だから、山の本に、山岳部や山岳会で基本を身につけてなどと書かれているのは、まったく当てにならないと思っている。現に、大きな遭難事故はほぼグループ登山である(単独行は見つからないだけという話かもしれないが)。

私が窮屈な一夜を過ごしたことを取り越し苦労とか被害妄想と思う人もいるかもしれない。しかし、そうやって性善説に立って何度も痛い目をみている。疑うべきを信じるのは、信じていい時に疑うよりずっとリスクは大きい。

「他人が困るのを見るのが大好き」な人間は、確率的に数十人に一人必ずいる。「他人が困っても構わない」から「他人が困るのを見るのが好き」までの距離はたいへん短い。

(数百人に一人と思いたいが、運転していたり会社勤めしたり、昨今の世界情勢をみてもそのくらいの確率が妥当なように思える。)

そして、そういう人間にありがちな特徴として、妙になれなれしい、礼儀知らず、群れをなして動くなどがある。それらの条件を踏まえた確率は、数人に一人にハネ上がる。

そういう人間に例えば登山靴を持っていかれて、十メートル先の林に投げ込まれただけで発見は困難である。下山できないことはないにせよ、かなり困る。そういう人間はそれを想像するだけできっと楽しいのである。

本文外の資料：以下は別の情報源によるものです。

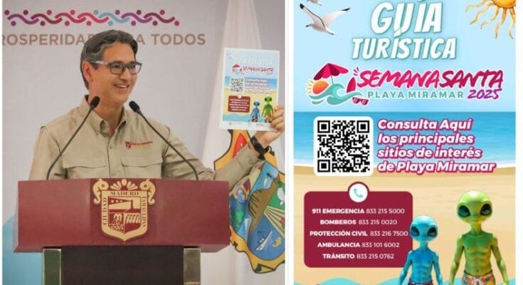 El presidente municipal Erasmo González Robledo presentó un cartel que incluye un código QR, diseñado para facilitar el acceso a una guía turística que resalta hasta 28 puntos de interés en Miramar, la playa de todos, para los visitantes que llegarán durante la Semana Santa. Esta guía destaca lugares significativos, como la Playa Incluyente, que está adaptada para personas con diferentes discapacidades, así como sitios emblemáticos y tradicionales del principal paseo y la ubicación de los 12 módulos y sus colores frente a zona de playa.

この日はシカの数十頭の群れを見たし、サルでもテンでも野生動物はいくらでも見る。アクシデントで、何か持っていかれる可能性はゼロではないだろう。しかしそれよりも心配すべきは、数メートル先にテントを張っている悪意ある人間である。

ある意味、相部屋よりも怖いかもしれない。だから、すいている平日を選んで登っているのに。

[Jun 2, 2022]

山を歩いていると野生動物を見るのは珍しくない。しかし、何か持っていかれるとすれば、心配しなければならないのは数メートル先の悪意ある人間である。


広告頼みはいずれ廃れる

老舗のボクシング雑誌・ボクシングマガジンの休刊が決まった。他の多くの雑誌と同様、休刊という名目の廃刊だろう。もう五十年近く前のことになるが、輪島や石松、柴田国明の記事を読むために毎月買っていたことを思い出すと感無量である。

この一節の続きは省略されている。